Supplied data section start
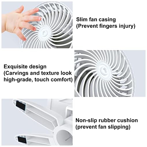 👍【Sturdy Base & Quality Guarantee】The USB fan designed non-slip rubbers on the bottom of four crossed feet help reduce vibration and increase friction, which keep the fan firmly in place to ensure airflow is being directed to the desired location and doesn’t slip over when working even at the high speed. We provide worry-free 12-month warranty, and friendly customer service.
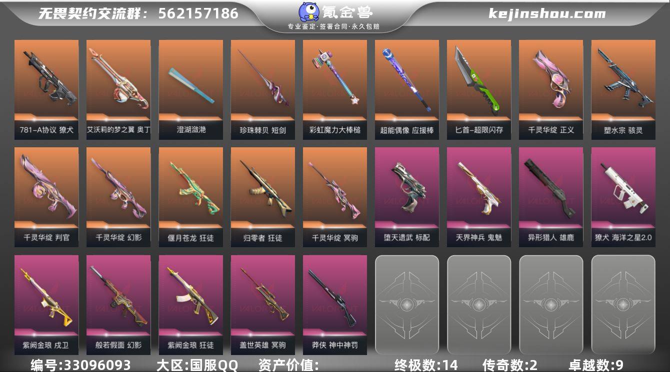 L3138 【性价比】堕天标配 神中神罚莽侠 鱼缸獠犬 异形雄鹿 紫金戍卫 彩虹魔力大棒槌 塑水骇灵 紫金狂徒 猫猫奥丁 威龙之刃 天界鬼魅 莲花套 781獠犬 恶鬼幻影 大圣大狙 苍龙狂徒 归零狂徒 澄湖潋滟库存: 37140剩余VP:81剩余R点:90 段位:未定级(青铜)
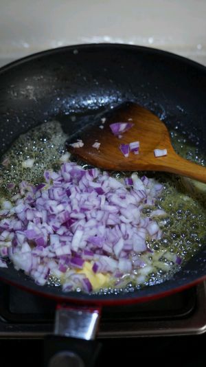 锅里再放一块黄油,然后放入洋葱煸炒出香味
Supplied data section end
What is expected: The material must be restated verbatim. Its pictures must be omitted.

Task output:
 👍【Sturdy Base & Quality Guarantee】The USB fan designed non-slip rubbers on the bottom of four crossed feet help reduce vibration and increase friction, which keep the fan firmly in place to ensure airflow is being directed to the desired location and doesn’t slip over when working even at the high speed. We provide worry-free 12-month warranty, and friendly customer service.
 L3138 【性价比】堕天标配 神中神罚莽侠 鱼缸獠犬 异形雄鹿 紫金戍卫 彩虹魔力大棒槌 塑水骇灵 紫金狂徒 猫猫奥丁 威龙之刃 天界鬼魅 莲花套 781獠犬 恶鬼幻影 大圣大狙 苍龙狂徒 归零狂徒 澄湖潋滟库存: 37140剩余VP:81剩余R点:90 段位:未定级(青铜)
 锅里再放一块黄油,然后放入洋葱煸炒出香味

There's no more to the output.